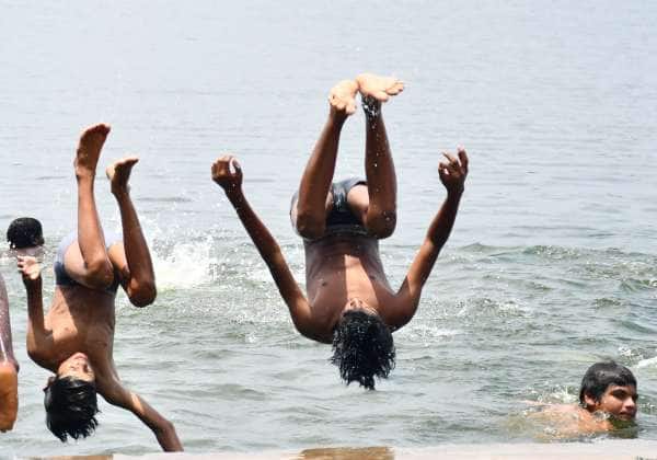 சுட்டெரிக்கும் வெயிலில், ஆனந்த குளியல். இடம் : திருப்பூர், ஆண்டிபாளையம், குளம்.
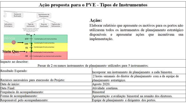 O primeiro passo seria identificar como aperfeiçoar o desempenho do Porto naqueles indicadores que, atualmente, ele impacta em nível de desempenho comprometedor (Tipos de Instrumentos - I13; Incentivos - I26), ou que está em processo emergente para o nível competitivo (Periodicidade do Planejamento - I8; Vigência dos Instrumentos - I5; Gestão da Movimentação e Volume - I21; Indicadores de Lucratividade - 23; Investimentos Lucrativos - I25) e interferem, de forma negativa, em seu desempenho e, consequentemente, no da Holding.
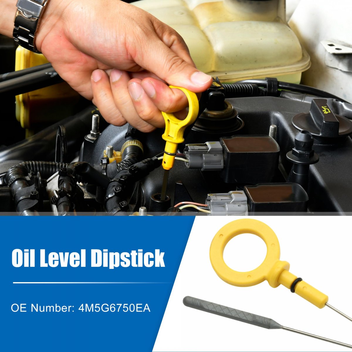 OE Number:4M5G6750EA. Fitment: for Ford F-250 Super Duty King Ranch, Lariat, XL, XLT 6.0L V8 - Diesel 2006, 2007, for Ford F-350 Super Duty King Ranch, Lariat, XL, XLT 6.0L V8 - Diesel 2006, 2007. Function: An engine oil dipstick serves as a gauge to check both the level of oil in your vehicle.. How to Use: 1. Turn off the ignition and wait for the engine to cool down; 2. Pull the dipstick out. Make sure that the cloth is kept below it so that the oil does not fall on your vehicles engine or yourself; 3. Wipe the dipstick gently using a paper towel or tissue paper or any clean cloth; 4. Insert the dipstick back into the tube from where you had pulled it out; 5. Pull the dipstick out again as you did previously and inspect it for the oil level..Other fine products
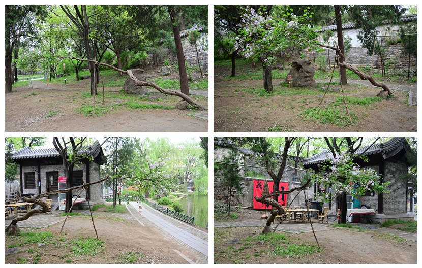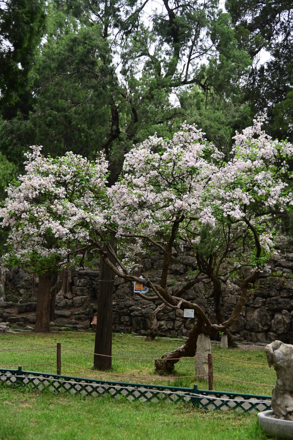 偶园里的这些丁香都是百年以上的古树,树干盘虬卧龙,很多枝干已经出现老化、中空、木质腐朽的情况,自然承重能力大幅下降。尤其是开花时,满树繁花会给枝条带来巨大的重量,若再加上雨水浸润,很容易压断脆弱的老枝。
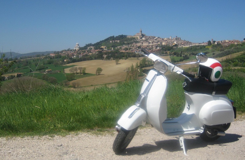 Ragazzi, stamattina ho finito di regolare la tensione dei cavi del cambio, ho tirato il cavo della frizione, un paio di prove lungo la corsia dei garage, poi ho fatto il primo pieno e via!  L'intento era di fare un giretto intorno a casa per vedere come andava.. Dopo i primi due chilometri ho notato con sorpresa che, nonostate abbia tarato entrambi gli ammortizzatori alla massima rigidità, le vibrazioni sono quasi sparite rispetto a prima.  Ai bassi è meno nervosa di prima, l'asportazione della valvola ha tolto anche il brusco ingresso in coppia che c'era prima. Ora è molto più regolare e modulabile. A vantaggio della guidabilità. Il cambio è un po' duro, dovrò tirare ancora un po' i cavi per averlo più preciso. Invece la frizione va bene, è leggermente dura da tirare, ma la leva del carterno lunga e le manopole px aiutano a comprimere la molla malossi. Dando il gas tutto insieme sembra affogarsi, sicuramente sono grasso, come getto del max ho il 110. Allora devo stare attendo a modulare bene la manopola, però in questi primissimi chilometri voglio andarci piano, ancora la vespa è fredda... Passo un attimo sotto casa della mia ragazza a farle vedere il bolide dalla finestra e poi via! continuo il mio giretto, fatti i primi 7/8 km, provo ad tirare un pelo le marce.. cavolo! la seconda tira bene..  La terza sembra infinita, sono già a 80 km/h (da tachimetro) in terza e non posso neanche aprire tutto il gas perché sono in rodaggio.. gli butto la quarta su un rettilineo in lieve pendio ci mette un paio di secondi ad entrare in coppia, forse è un po' lunga la quarta, ma in verità la terza non l'ho tirata tutta.. Senza neanche accorgermene ho già superato la periferia e mi accingo a prendere la strada che porta a Sangemini, un paese molto carino, famoso per le sue acque minerali, che si trova a 15 km da casa mia, insomma, mi aspettano 5km di curve in salita.. Il motore si sta scaldando, lo sento che risponde sempre meglio ed io mi sto abituando a dare il gas in modo regolare e non brusco per non affogarlo, supero di slancio la porta del paese e mi accingo ad andare verso il negozio di mio padre che si trova a 10km da Sangemini. In negozio c'è mia sorella, le faccio fare un giro e mentre passiamo dentro alla piazzetta del paese mi dice: "Si girano tutti a guardarla, eh?" io inorgoglito penso, oltre alla bellezza questa vespa ha anche un bel motore e gli dò una sgasata per farmi sentire!  Riporto mia sorella in negozio e riparto per le strade di collina tra la provincia di Terni e Perugia. Pian, piano mi allontano sempre più da casa, ho già fatto 30km, ma la vespa c'è la sento giusta e continuo ad andare avanti dando sempre un po' di gas in più. Che bella giornata di sole! I saliscendi delle colline sono perfetti per provare la vespa in tutte le condizioni, inoltre esaltano il piacere di guida. mi ritrovo di fronte ad un dosso, lo supero con la terza aperta a tre quarti di gas, poi la discesa, rettilinea, lunga e libera, butto la quarta, adesso la tiro, 90km/h, il tachimetro oscilla, 100km/h, la vespa è una spada, arrivo a superare i 110km/h di tachimetro in discesa senza aver aperto tutto il gas, stavolta non perché sono in rodaggio, ma solo perché sono grasso e al massimo si affoga. Tolgo il gas e stavolta provo i freni, certo, sulla vespa non dovrebbero essere neanche definiti freni, sono più che altro dei "modulatori di velocità", però fanno il loro sporco lavoro e grazie alle molle rigide la vespa non si scompone e non affonda all'anteriore. D'un tratto mi ritrovo a Todi, in piena provincia di Perugia. Il giretto sotto casa per il rodaggio è diventato la gita più lontana che io abbia mai fatto con la vespa! Ecco una cartolina del panorama sulla strda che porta alla città di Todi:
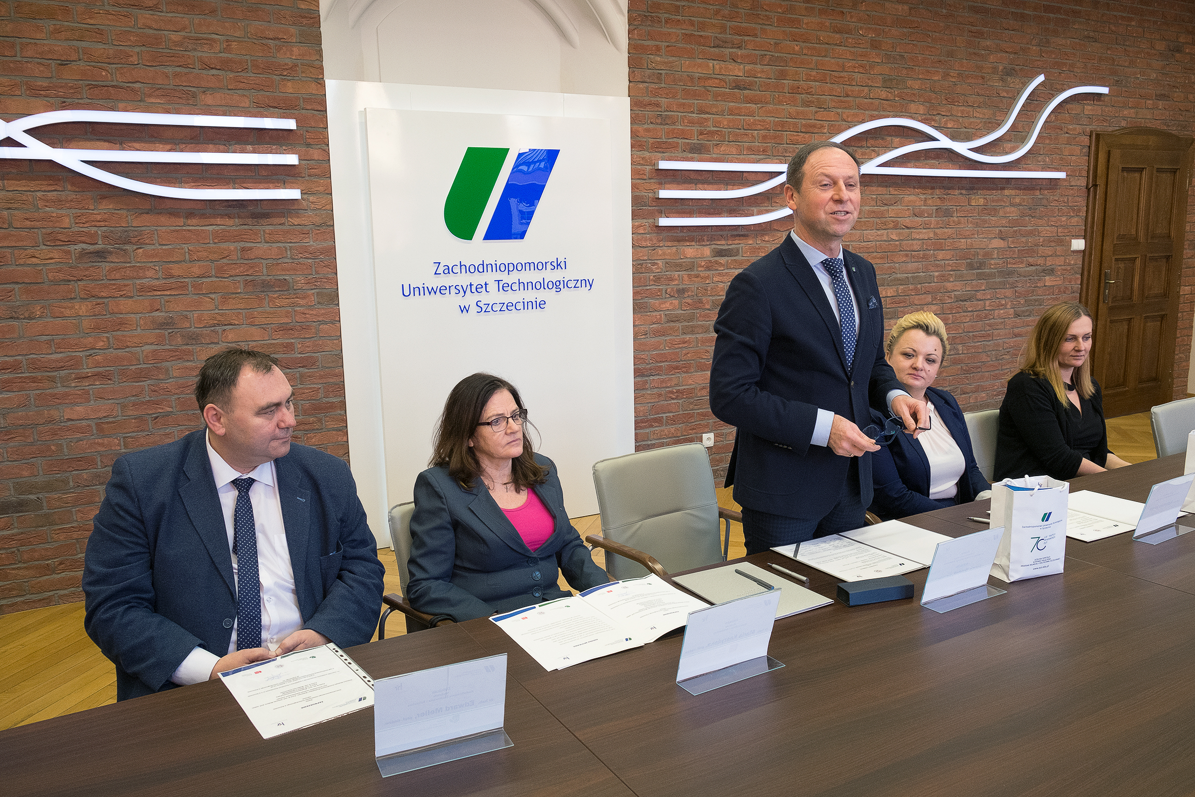 W uroczystym podpisaniu umowy uczestniczyli również dziekan WBiA dr hab. inż. Maria Kaszyńska prof. nadzw. i dziekan WKŚiR dr hab. inż. Edward Meller prof.nadzw oraz pracownicy ZUT, nauczyciele i uczniowie ZSB.
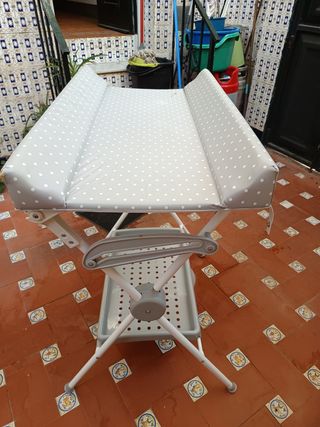 Vendo Cambiador para bebés con estructura plegable y bandeja inferior con las siguientes características: - Colchoneta acolchada con estampado de lunares. - Bandeja de plástico con orificios para drenaje. - Patas metálicas blancas. Sus medidas son 93 cm de alto, 48 cm de ancho y 78 cm de profundidad, se encuentra en muy buen estado y se puede usar perfectamente, se tendría que recoger en la localidad sevillana de Dos Hermanas

+ + + + +

#### [Problem]
Beginning with the line holding "OE Number:4M5G6750EA. Fitment: for" in the material above, restate word for word each line through the line holding "偶园里的这些丁香都是百年以上", and exclude pictures.

#### [Your solution]
 OE Number:4M5G6750EA. Fitment: for Ford F-250 Super Duty King Ranch, Lariat, XL, XLT 6.0L V8 - Diesel 2006, 2007, for Ford F-350 Super Duty King Ranch, Lariat, XL, XLT 6.0L V8 - Diesel 2006, 2007. Function: An engine oil dipstick serves as a gauge to check both the level of oil in your vehicle.. How to Use: 1. Turn off the ignition and wait for the engine to cool down; 2. Pull the dipstick out. Make sure that the cloth is kept below it so that the oil does not fall on your vehicles engine or yourself; 3. Wipe the dipstick gently using a paper towel or tissue paper or any clean cloth; 4. Insert the dipstick back into the tube from where you had pulled it out; 5. Pull the dipstick out again as you did previously and inspect it for the oil level..Other fine products
 偶园里的这些丁香都是百年以上的古树,树干盘虬卧龙,很多枝干已经出现老化、中空、木质腐朽的情况,自然承重能力大幅下降。尤其是开花时,满树繁花会给枝条带来巨大的重量,若再加上雨水浸润,很容易压断脆弱的老枝。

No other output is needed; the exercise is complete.